Ævar Arnfjörð Bjarmason Dec. 7, 2022, 11:06 p.m. UTC | #3
On Wed, Dec 07 2022, Derrick Stolee via GitGitGadget wrote:

> From: Derrick Stolee <derrickstolee@github.com>
> [...]
> While older Git versions will not recognize the null hash as a special
> case, the file format itself is still being met in terms of its
> structure. Using this null hash will still allow Git operations to
> function across older versions.

That's good news, but...

> The one exception is 'git fsck' which checks the hash of the index file.
> This used to be a check on every index read, but was split out to just
> the index in a33fc72fe91 (read-cache: force_verify_index_checksum,
> 2017-04-14).

...uh, what?

Is there an implied claim here that versions before v2.13.0 don't count
as "older versions"?

I.e. doesn't v2.12.0 hard fail the verification for all index writing?
It's only after v2.13.0 that we do it only for the fsck.

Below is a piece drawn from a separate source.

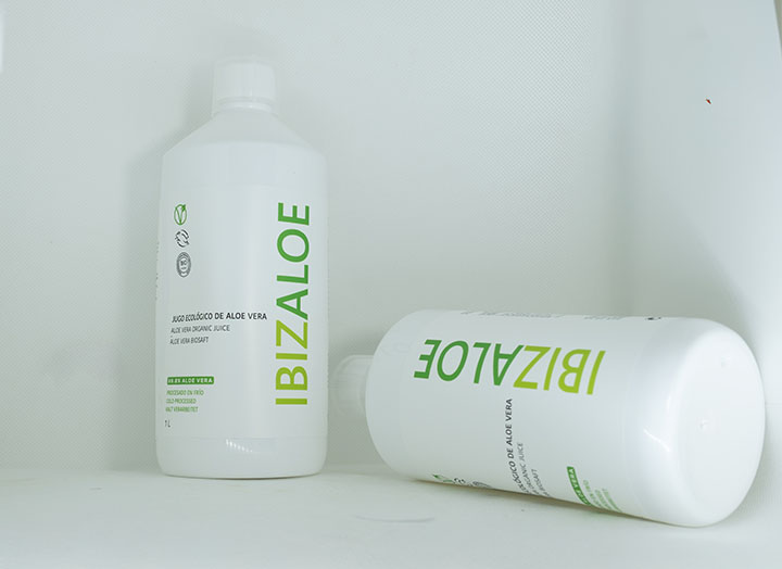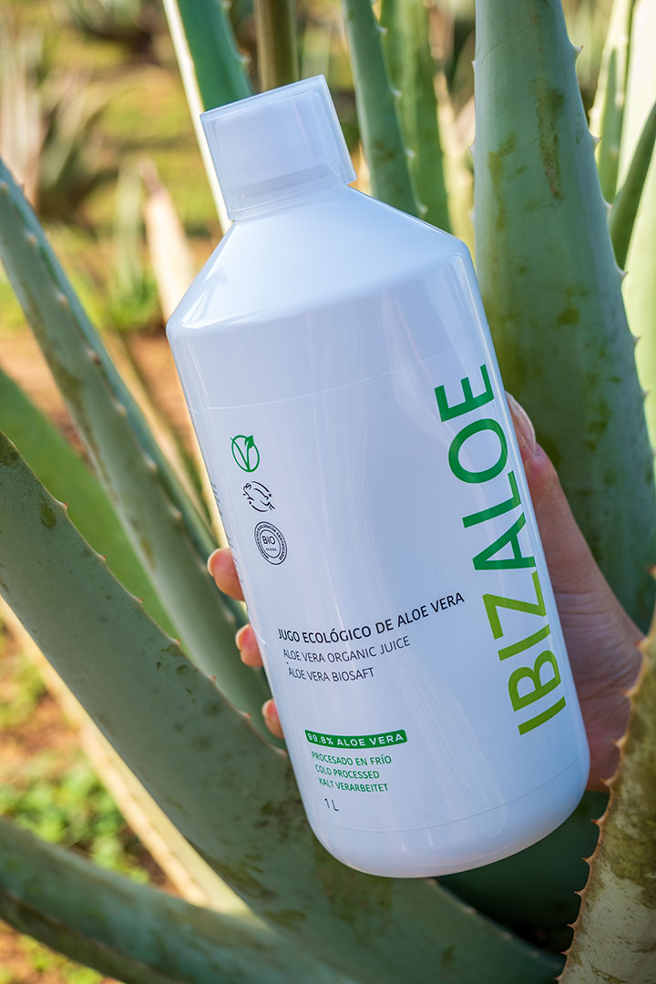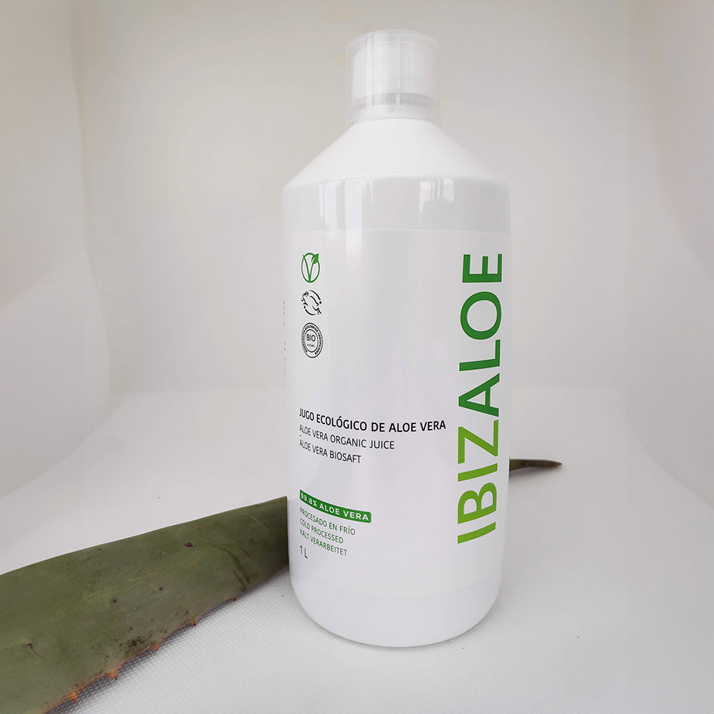 Jugo de Aloe Vera ecológico 99,8% para beber, elaborado con aloe fresco de nuestras plantaciones en Ibiza. Procesado en frío, sin conservantes ni colorantes. Tradicionalmente utilizado como complemento en el cuidado digestivo y el bienestar general.

That seems like a rather significant caveat that we should be noting
prominently in the docs added in 4/4.

> As a quick comparison, I tested 'git update-index --force-write' with
> and without index.computeHash=false on a copy of the Linux kernel
> repository.

It took me a bit to see why I was failing to reproduce this, before
finding that it's because you mention index.computeHash here, but it's
index.skipHash now.
>
> Benchmark 1: with hash
>   Time (mean ± σ):      46.3 ms ±  13.8 ms    [User: 34.3 ms, System: 11.9 ms]
>   Range (min … max):    34.3 ms …  79.1 ms    82 runs
>
> Benchmark 2: without hash
>   Time (mean ± σ):      26.0 ms ±   7.9 ms    [User: 11.8 ms, System: 14.2 ms]
>   Range (min … max):    16.3 ms …  42.0 ms    69 runs
>
> Summary
>   'without hash' ran
>     1.78 ± 0.76 times faster than 'with hash'

I suggested in
https://lore.kernel.org/git/221207.868rjiam86.gmgdl@evledraar.gmail.com/
earlier to benchmark this against not-sha1collisiondetection.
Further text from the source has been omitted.